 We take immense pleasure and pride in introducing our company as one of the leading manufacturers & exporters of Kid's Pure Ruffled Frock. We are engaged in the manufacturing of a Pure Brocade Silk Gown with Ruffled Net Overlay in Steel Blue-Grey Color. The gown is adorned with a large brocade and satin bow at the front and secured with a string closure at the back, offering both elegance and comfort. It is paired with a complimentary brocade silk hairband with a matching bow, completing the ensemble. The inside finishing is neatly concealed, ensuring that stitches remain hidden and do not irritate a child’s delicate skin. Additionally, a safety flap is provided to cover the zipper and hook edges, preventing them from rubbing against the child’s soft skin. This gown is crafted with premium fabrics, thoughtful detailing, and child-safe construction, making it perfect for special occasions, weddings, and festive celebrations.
---
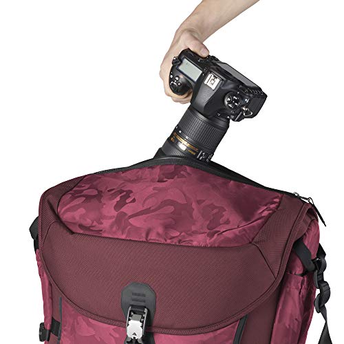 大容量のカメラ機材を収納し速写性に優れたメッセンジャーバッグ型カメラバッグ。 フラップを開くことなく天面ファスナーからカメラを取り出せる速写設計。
---
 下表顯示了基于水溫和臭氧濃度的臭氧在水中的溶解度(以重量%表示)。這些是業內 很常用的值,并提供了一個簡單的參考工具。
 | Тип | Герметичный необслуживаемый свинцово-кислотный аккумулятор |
---
About this exercise: Restate word for word the entries above from the line with "下表顯示了基于水溫和臭氧濃度" through the line with "свинцово-кислотный аккумулятор |", inclusive, leaving out everything else.

Expected answer:
 下表顯示了基于水溫和臭氧濃度的臭氧在水中的溶解度(以重量%表示)。這些是業內 很常用的值,并提供了一個簡單的參考工具。
 | Тип | Герметичный необслуживаемый свинцово-кислотный аккумулятор |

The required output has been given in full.